Introducing Raster Vision 0.12

Introducing Raster Vision 0.12

The initial public release of Raster Vision (0.8) almost two years ago enabled us and other groups to run end-to-end deep learning workflows on earth observation data. Over time, we added new features and bug fixes, but found that it was difficult to add certain features and to customize workflows for idiosyncratic projects — which is most of them. We concluded that the only way to fix this was to refactor the codebase from the ground up to make it simpler, more consistent, and more flexible. This latest release of Raster Vision aims to accomplish this, along with many other improvements. Below are some of the main changes in this release. For a full list of changes, please see the official change log.

Simplified configuration schemas

We are still using a modular, programmatic approach to configuration, but have switched to using a Config base class which uses the Pydantic library. This allows us to define configuration schemas in a declarative fashion, and let the underlying library handle serialization, deserialization, and validation. In addition, this has allowed us to DRY up the configuration code, eliminate the use of Protobufs, and represent configuration from plugins in the same fashion as built-in functionality. To see the difference, compare the configuration code for ChipClassificationLabelSource in 0.11 (label_source.proto and chip_classification_label_source_config.py), and in 0.12 (chip_classification_label_source_config.py).

Abstracted out pipelines

Raster Vision includes functionality for running computational pipelines in local and remote environments, but previously, this functionality was tightly coupled with the “domain logic” of machine learning on earth observation data in the Experiment abstraction. This made it more difficult to add and modify commands, as well as use this functionality in other projects. In this release, we factored out the experiment running code into a separate rastervision.pipeline package, which contains a Pipeline class and can be used for defining, configuring, customizing, and running sequences of commands in parallel and using a mixture of CPUs and GPUs.

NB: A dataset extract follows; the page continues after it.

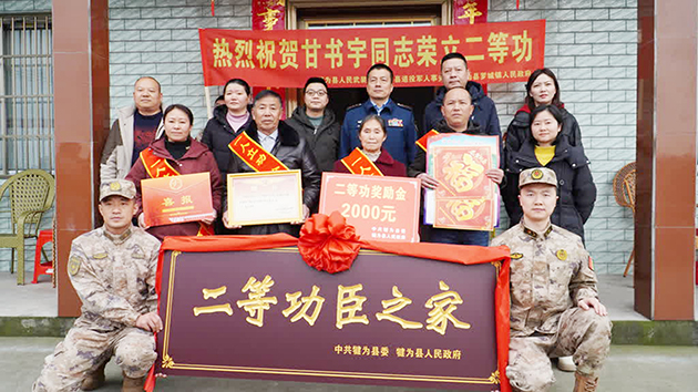 送喜报队伍一抵达,邻里乡亲纷纷夹道欢迎,掌声与锣鼓声交织成一曲欢快的乐章。领导们亲自为甘书宇的家属佩戴上写有“一人立功,全家光荣”的绶带,并庄重地送上“二等功臣之家”的牌匾和立功喜报。甘书宇的父亲甘玉贵接过喜报时说:“非常高兴,儿子在部队荣获了二等功,我们感到非常骄傲。感谢地方各级领导对他的关心和帮助,部队各位首长对他的关怀,我希望儿子在部队继续好好学习,争取再立新功,为部队争光,为家乡添彩。”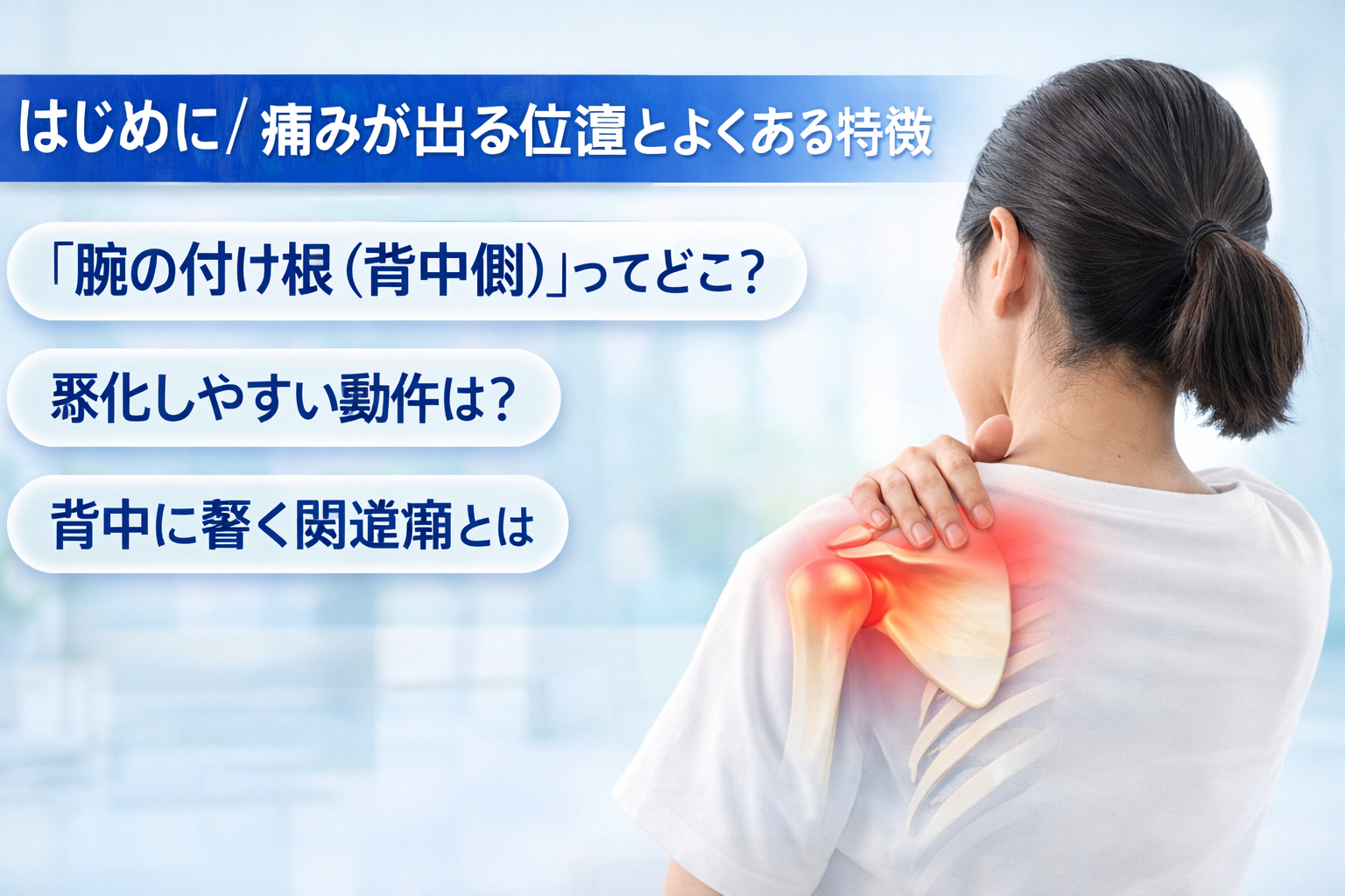 「腕の付け根が痛い 背中側」と感じたとき、実は原因はひとつとは限らないと言われています。

Reorganization into plugins

The rest of Raster Vision is now written as a set of optional plugins that have Pipelines which implement the “domain logic” of machine learning on geospatial data. Implementing everything as optional (pip installable) plugins makes it easier to install subsets of Raster Vision functionality, eliminates separate code paths for built-in and plugin functionality, and provides (de facto) examples of how to write plugins. The figure below shows the packages, the dependencies between them, and important base classes within each package.

Diagram of Raster Vision 0.12 packages and dependancies in a flow chart
Diagram of Raster Vision’s packages, the dependencies between them, and important base classes within each package.

More flexible PyTorch backends

Our previous 0.10 release added backends using PyTorch and torchvision for chip classification, semantic segmentation, and object detection. In this release, we removed the Tensorflow backends and abstracted out the common code for training models into a flexible Learner base class with subclasses for each of the computer vision tasks. This code is in the rastervision.pytorch_learner plugin, and is used by the Backends in rastervision.pytorch_backend. By decoupling Backends and Learners, it is now easier to write arbitrary Pipelines and new Backends that reuse the core model training code, which can be customized by overriding methods such as build_model.

Future work

In the future, we plan on adding the ability to read and write datasets in STAC format using the label extension. This will facilitate integration with other tools such as Azavea’s GroundWork labeling app. We also plan on adding the ability to train models on multi-band imagery, rather than having to pick a subset of three bands. The fact that our Backends now share most of their code, and directly use the torch and torchvision libraries without any other intermediaries will make implementing this feature much easier.